Reafirmar el nuevo reparto del poder mundial en zonas de influencia entre Estados Unidos, Rusia y China constituye su vector principal. No es casual que de manera paralela se advirtiera que en la Cumbre de Alaska y en las recientes conversaciones diplomáticas destinadas a poner fin a la guerra Rusia-Ucrania -celebradas en Ginebra, Doha, Miami y otras ciudades del mundo- se disputará el futuro de Maduro y el de Venezuela. Inclusive, trascendió en la prensa el doble papel de Marco Rubio como halcón en Venezuela y paloma en Ucrania.
Como lo señaló el congresista republicano Carlos Giménez, Venezuela dejará de ser refugio para grupos y naciones extranjeras que operaban bajo el paraguas del chavismo, en alusión a cubanos, chinos, rusos, norcoreanos y miembros de Hezbolá. Ello anticipa el giro estratégico de la política exterior venezolana, ahora bajo la tutela de Washington, a propósito de desarmar la presencia de estos actores que suponen una amenaza a la seguridad nacional de Estados Unidos y sobre todo en su patio trasero. Venezuela como plataforma de potencias extranjeras anti-Estados Unidos expone la lucha global y encarnizada entre Washington y sus enemigos.
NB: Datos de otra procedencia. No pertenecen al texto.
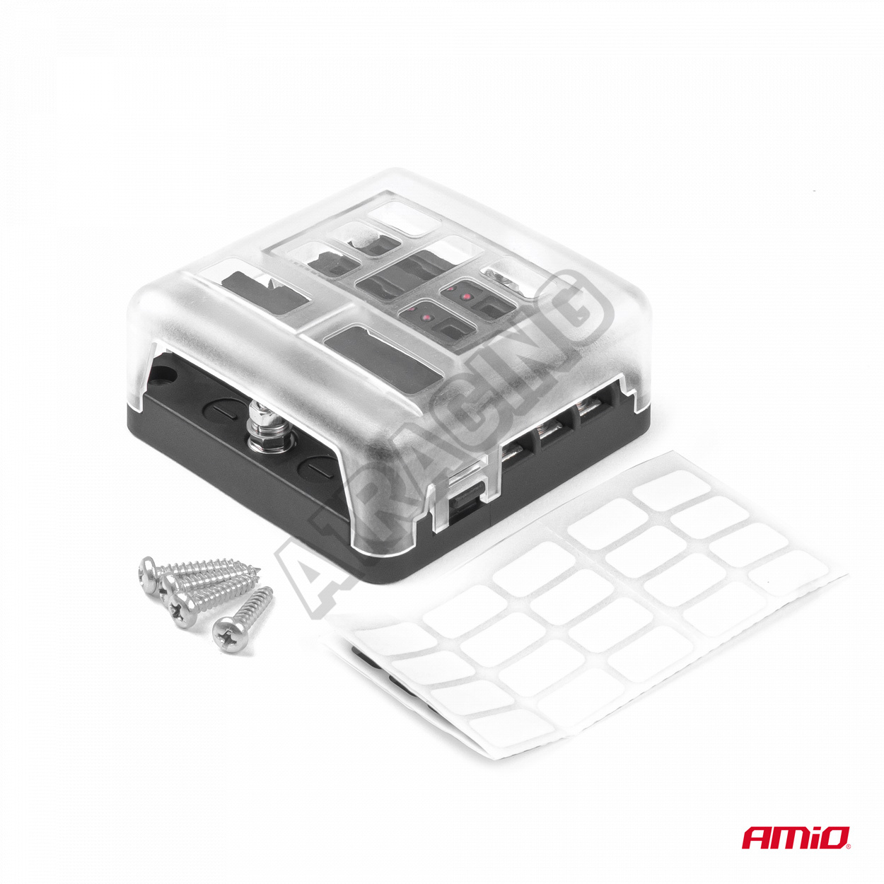 Skrinka s poistkami s LED zápornou lištou 6 zásuviek AMIO-03038

En este contexto, derribar la arquitectura criminal y financiera de los cárteles no responde únicamente a una lógica de combate al delito, sino a la necesidad de impedir que estas redes financien, empoderen y redistribuyan recursos ilícitos hacia países adversarios de Estados Unidos. Estrangular la arteria venezolana se inserta, además, en el objetivo estratégico de propiciar el anhelado cambio político en Cuba. Romper el eje Caracas–La Habana se antoja indispensable dentro del pensamiento de Marco Rubio, el súperministro, Secretario de Estado y Asesor de Seguridad Nacional, hijo de inmigrantes cubanos.
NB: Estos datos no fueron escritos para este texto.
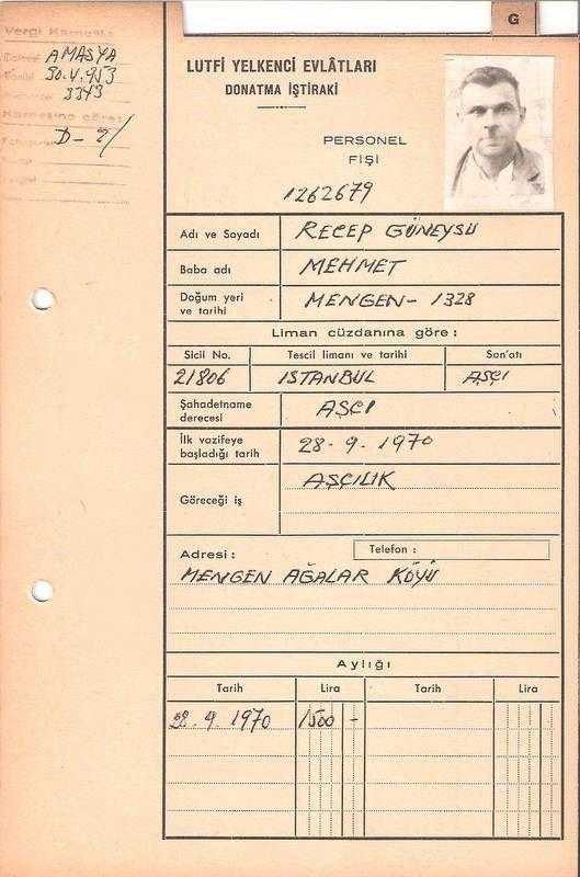 GEMİCİ PERSONEL FİŞİ/ RECEP GÜNEYSU

El mensaje para América Latina es implacable y contundente: Trump no tolerará injerencia de potencias extracontinentales en el hemisferio. “América para los americanos” deja de ser consigna histórica para transformarse en doctrina operativa. Con ella, se abre una nueva época intervencionista con injerencias militares, gobiernos tutelados y operaciones abiertas y encubiertas con base en la política de los negocios jugosos, diplomacia transaccional y el botín extractivista: la amalgama alineada a los intereses estratégicos de Estados Unidos.
Venezuela es un nodo clave del crimen organizado trasnacional, a pesar de su rol marginal en el narcotráfico internacional. Sólo el 8% de la cocaína que se transporta de Sudamérica transita por Venezuela. No obstante, ahí operan los cárteles, las megabandas criminales y los poderosos grupos ligados al Estado y a los militares. Venezuela es cuna de mafias integradas, grupos paramilitares y remanentes de guerrillas -como colectivos del ELN-, sostenidos por una economía paralela basadas en los negocios ilícitos y minería ilegal.